Who cares if the hardest of Brexits offers succour to the cause of Scottish independence?

Third, all over Britain, families are suffering as a result of this government’s policies. Johnson won his majority by promising not only to get Brexit done, but to “level up” the country. That was just empty rhetoric: his chancellor, Rishi Sunak, has continued the approach of his predecessors since 2010, introducing the biggest ever one-off benefit cut, on top of the last decade’s tax credit cuts that have seen some low-income parents lose thousands of pounds a year even as more affluent families have had their tax bills reduced. Refugees fleeing war zones and human rights abuses have found themselves at the sharp end of a culture war with Priti Patel’s Home Office.

Finally, the last few weeks of revelations about Johnson’s hypocrisy on Covid do not just damage the Conservative party.
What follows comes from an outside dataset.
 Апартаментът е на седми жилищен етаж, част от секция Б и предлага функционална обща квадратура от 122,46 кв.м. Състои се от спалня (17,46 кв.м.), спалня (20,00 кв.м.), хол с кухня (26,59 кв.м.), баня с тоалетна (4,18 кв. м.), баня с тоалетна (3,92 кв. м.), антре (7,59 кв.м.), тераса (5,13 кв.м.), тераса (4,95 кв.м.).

Like the expenses scandal more than a decade ago, it undermines public trust in all politicians and the legitimacy of our democratic institutions. It makes a mockery of the rule of law when ordinary citizens are punished for breaking the law, but senior politicians, political aides and civil servants appear to neatly sidestep the consequences.

From electoral asset to liability

Every day Johnson continues as prime minister, the damage he does grows. As his evolution from electoral asset to electoral liability dawns on his party, it is looking increasingly likely that they will not allow him to continue in office for much longer. But Britain’s political crisis will not be over. The choice of the next prime minister would fall to Conservative MPs and party members. Johnson’s likely successors are all complicit in the government’s dreadful track record.
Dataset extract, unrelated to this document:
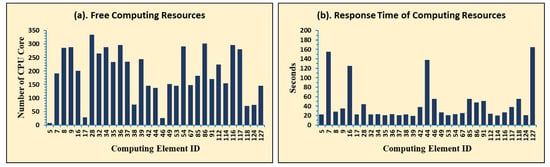In the future, a multi-objective-based resource profiling approach will undoubtedly increase VOs’ resource utilizations and enable user applications to complete their tasks on time since this technique incorporates many CE performance metrics, including available computing capacity, response time, waiting time, task failure rate, and task resubmission rate, and others. In this regard, fuzzy logic may be advantageous since it is capable of making judgments in an uncertain environment and providing multi-objective solutions [42,43,44]. This study can also point to some new areas to investigate such as developing a novel scheduling method for a resource-shared environment based on resource performance modeling. Finally, we plan to conduct larger-scale mircobenchmark experiments that can consist of millions of tasks and also apply our proposed schemes for real MTC applications (such as drug discovery simulations [45]) in order to further verify the effectiveness of our proposed mechanisms in a real scientific computing environment.

The only hope lies in a renewed Labour party winning the next general election. Keir Starmer has emerged from recent weeks as a man of competence, integrity and values. Labour still has a long way to go in addressing the reasons why it lost voters in 2019 and communicating what a Starmer premiership would achieve for Britain, but they are advancing from the terrible defeat Jeremy Corbyn led them to then.

Prime minister Boris Johnson is a creation of the modern Conservative party. Tory MPs propelled this charlatan to No 10 entirely because it suited their narrow interests, with no regard for the consequences for the country. It is extraordinary how little contrition many of those who backed him have shown. Johnson’s resignation is not enough: the Conservative party itself must be held accountable for his disastrous premiership.